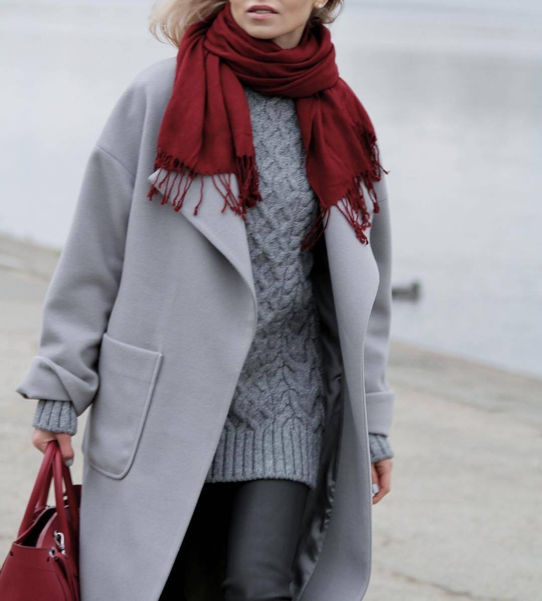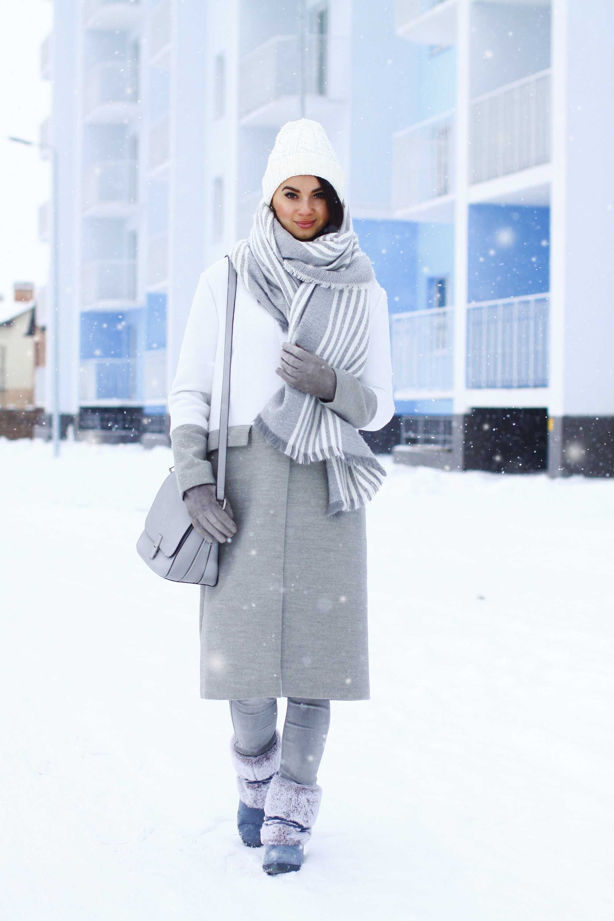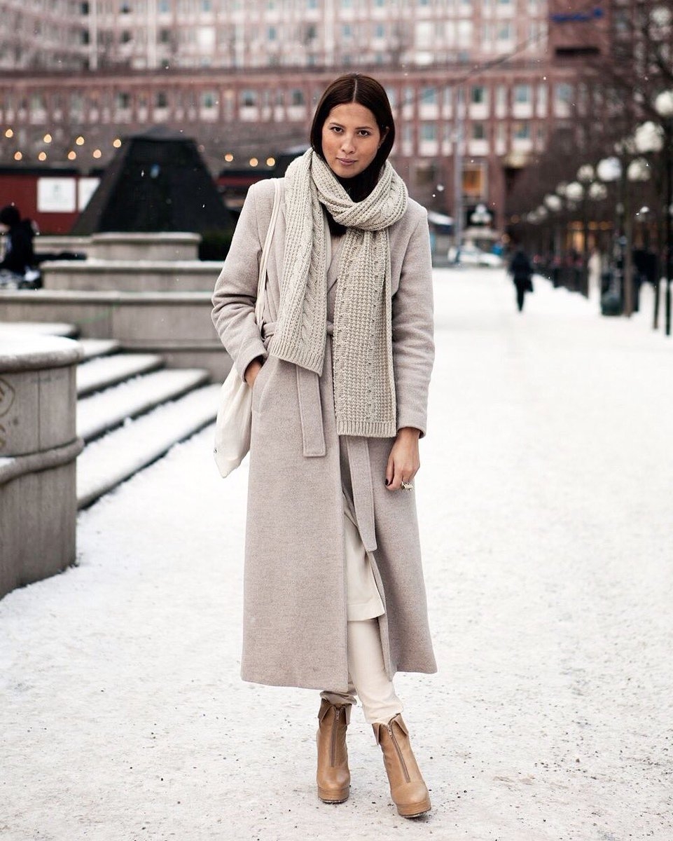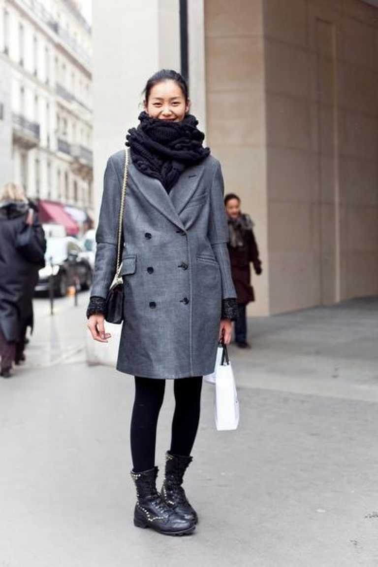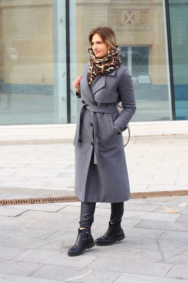 Серое пальто и серый шарф
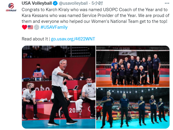 北京时间4月7日消息,美国奥委会宣布女排国家队主帅基拉里当选2021年美国年度最佳奥运教练。在基拉里的带领下,美国女排在2021年度取得巨大成功。不仅在国家联赛实现三连冠,还在东京奥运会力压群芳首夺奥运冠军。
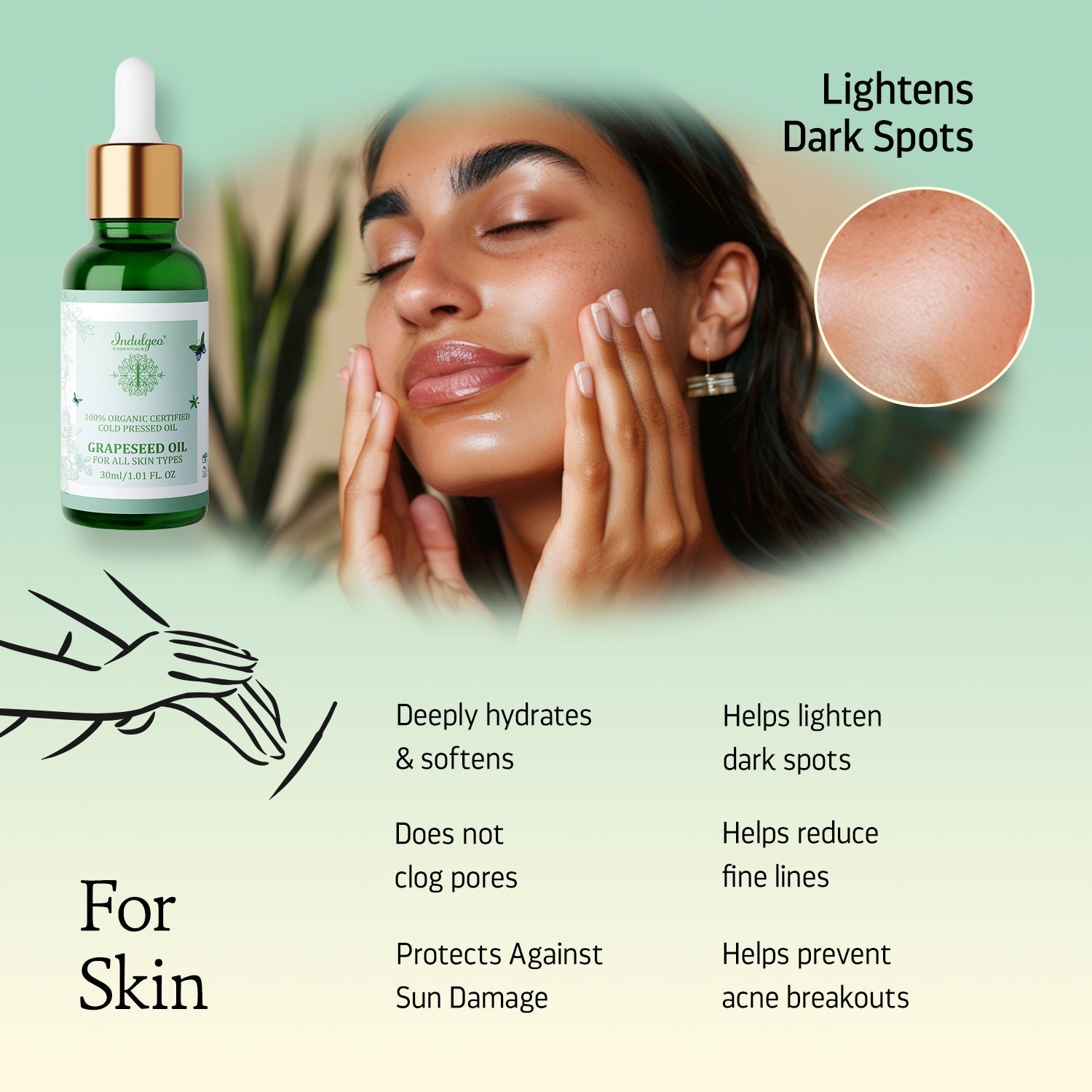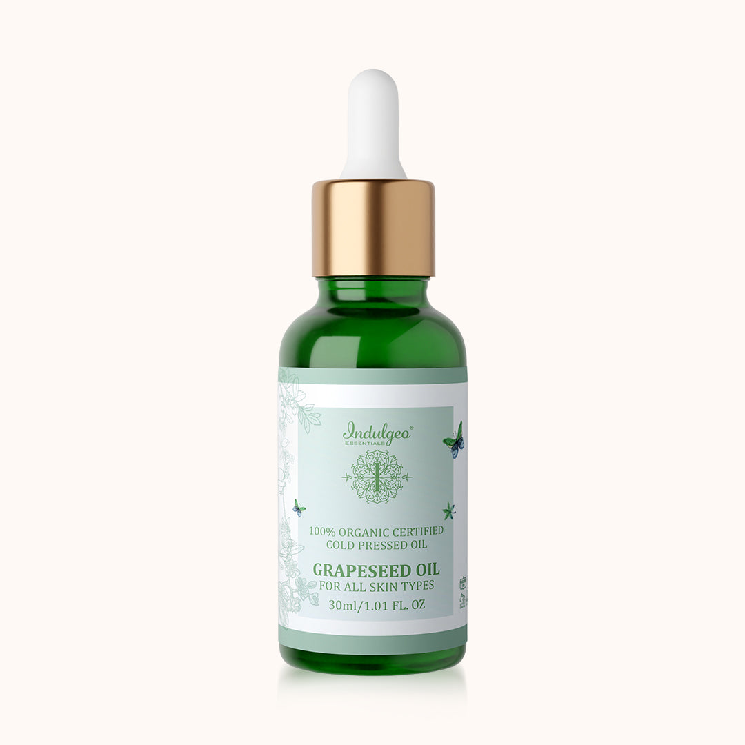 Grapeseed oil has a thin and light consistency, loaded with powerful antioxidants and natural plant compounds known as oligomeric proanthocyanidin complexes, or OPCs, Vitamin E, D & C, linolenic acid, oleic acid, omega 3, 6, 9 fatty acids, palmitic acid, stearic acid. It's anti-inflammatory properties, along with antioxidants and healthy fats, contribute significantly to healthy, youthful skin and hair. Grapeseed oil is ultra light, making it ideal for moisturizing oily skin without giving a greasy after-effect. Our Grapeseed Oil is 100% pure, unadulterated and cold pressed, allowing penetration of maximal benefits to the skin & easy absorption.
#####
> **Problem to work on**
The reply should consist only of the lines from the top of the material above through the line with "北京时间4月7日消息,美国奥", printed exactly, pictures omitted.

> **Answer area**
 Серое пальто и серый шарф
 北京时间4月7日消息,美国奥委会宣布女排国家队主帅基拉里当选2021年美国年度最佳奥运教练。在基拉里的带领下,美国女排在2021年度取得巨大成功。不仅在国家联赛实现三连冠,还在东京奥运会力压群芳首夺奥运冠军。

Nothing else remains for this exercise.